Sônia não teve trabalho para arrombar a porta, pois estava aberta. Ao fundo, perto da janela,
Silvio se perfumava, saindo de um quarto à direita Silvia com um pé descalço e o outro a ser
calçado por um sapato roxo de 10 cm de salto precipitou sua presença. Abriu a blusa e o corpo
que habitava aquele espartilho de azeviche somado à estupefação do ato fez de Silvio um ser
inerte, frágil e a primeira vítima. Do seio esquerdo Sônia sacou uma faca afiada, tipo Rambo,
e atacou a uma distância de 5 metros, atingindo o centro da testa, entre os olhos, o 3º olho,
a consciência hindu, Silvio caiu inconsciente. Silvia tentou a fuga, mas Sônia a atingiu com um
golpe de punhal no baço que sacara do outro seio. Silvia foi poupada por alguns instantes,
Sônia deliciava-se com a resistência da dor feminina, mas estava a trabalho e regozijava-se de
seu profissionalismo.
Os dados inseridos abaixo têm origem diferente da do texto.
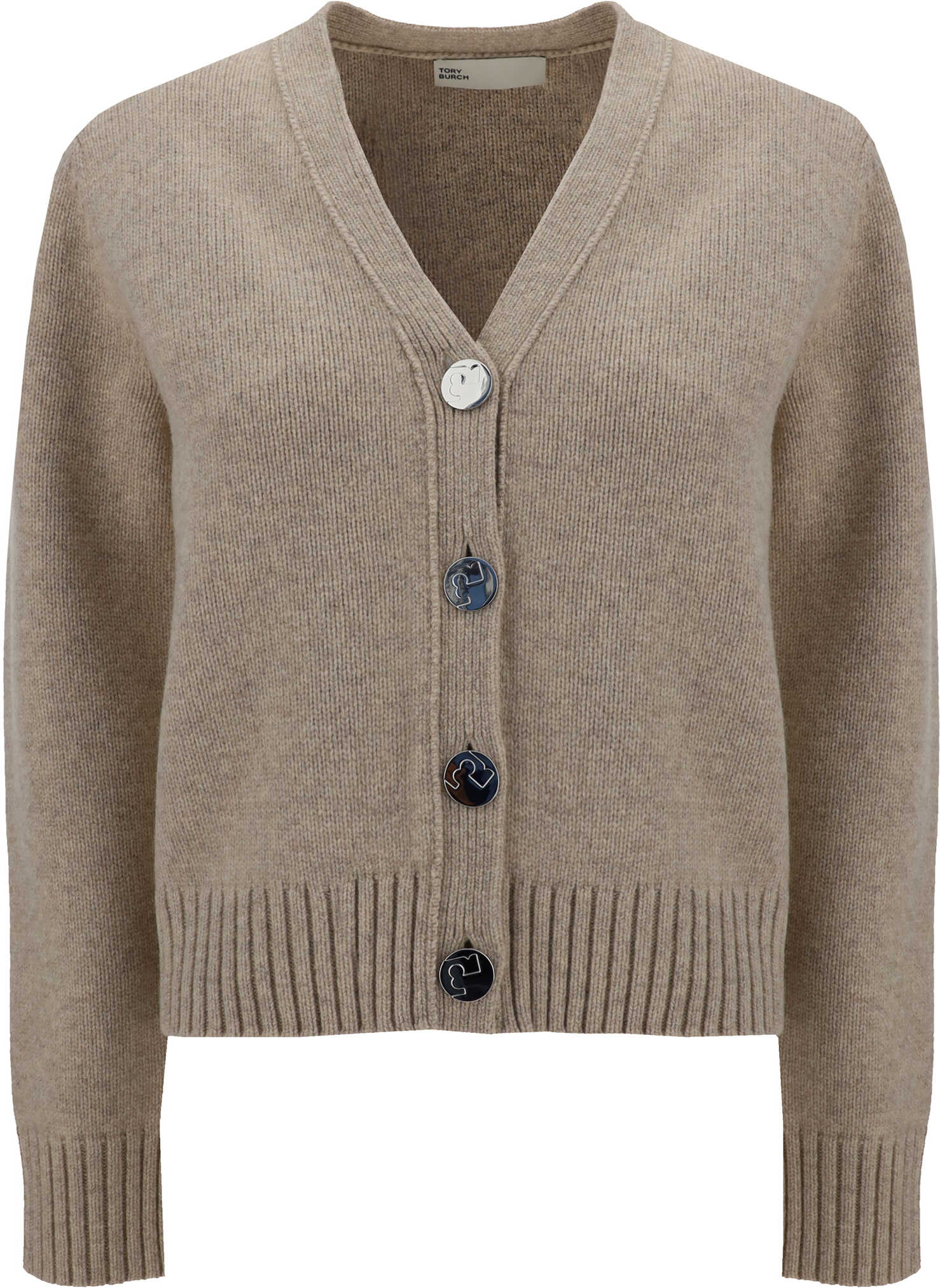 Wool Cardigan by Tory Burch featuring contrasting button front closure, ribbed cuffs, V-neck with ribbed trim, ribbed hem, mélange pattern, regular fit.

Deixou-a ao solo a gemer enquanto retocava a maquilagem no espelho
do banheiro, o lápis estava decomposto, Odeio lápis! Retornou e com um tiro no meio da testa
finalizou com o pouco de vida que restava em Silvia, Silvio moribundo morreria com o tempo.
Bateu a porta ao fundo e despediu-se deixando um pedaço de bolo de laranja e uma jarra de
café no criado-mudo.

- Tome o envelope, deposite na conta do Rio e vá pra Copacabana na terça, lá estará
Sérgio, um outro cliente. Esse é grã-fino, portanto capriche no lápis.

- Puta que pariu Seu Carlos! Detesto lápis!

- Pode me chamar de Carlos Sônia.

- Eu num gosto desse troço no meu olho... Carlos!

- Então não precisa, basta o espartilho, aquele que te dei, não o preto.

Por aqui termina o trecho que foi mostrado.